● Information provided
────────────────

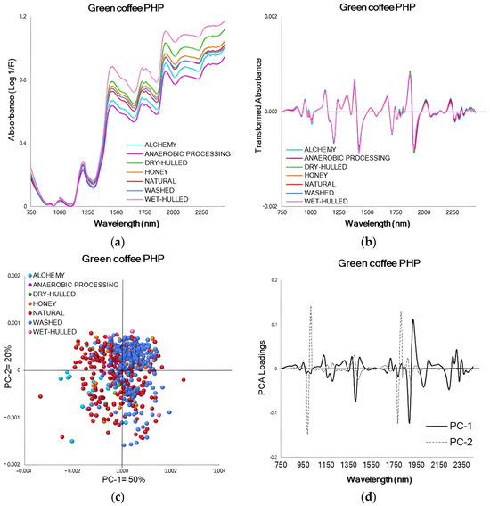Figure 1. NIR spectral characteristics in whole green coffee beans (750–2450 nm) acquired from samples processed using seven different post-harvest processing (PHP) methods (n = 524). (a) Raw averaged NIR spectral signatures with Baseline Correction show the characteristic spectral pattern of green coffee across different PHP methods. (b) Transformed spectra reveal enhanced vibrational features but no clear separation among PHP methods. (c) PCA scores plot displaying sample distribution based on the first two principal components (PC-1 = 50%, PC-2 = 20%), highlighting clustering trends by the PHP method. (d) PCA loadings show dominant wavelengths that influence the PCA scores plot.
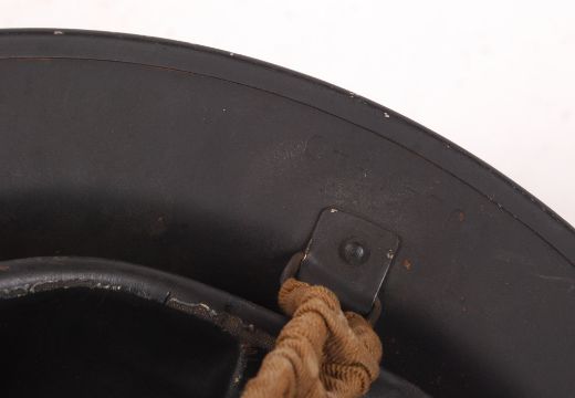 An original WWII Second World War British steel Civil Defence Brodie helmet. Black. Original liner and canvas chin strap present. Impressed marks to rim, dated 1940.
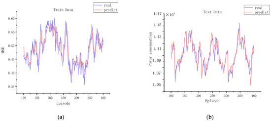 The first 361 data points were used as the training model for data input, and the last four data points were used as the test model to obtain the final experimental results compared with the real data of the original power load. Changes in data projections are shown in Figure 9.

────────────────

● How to complete this task
Please write every line above out exactly as given, except for any pictures.

● Response area
Figure 1. NIR spectral characteristics in whole green coffee beans (750–2450 nm) acquired from samples processed using seven different post-harvest processing (PHP) methods (n = 524). (a) Raw averaged NIR spectral signatures with Baseline Correction show the characteristic spectral pattern of green coffee across different PHP methods. (b) Transformed spectra reveal enhanced vibrational features but no clear separation among PHP methods. (c) PCA scores plot displaying sample distribution based on the first two principal components (PC-1 = 50%, PC-2 = 20%), highlighting clustering trends by the PHP method. (d) PCA loadings show dominant wavelengths that influence the PCA scores plot.
 An original WWII Second World War British steel Civil Defence Brodie helmet. Black. Original liner and canvas chin strap present. Impressed marks to rim, dated 1940.
 The first 361 data points were used as the training model for data input, and the last four data points were used as the test model to obtain the final experimental results compared with the real data of the original power load. Changes in data projections are shown in Figure 9.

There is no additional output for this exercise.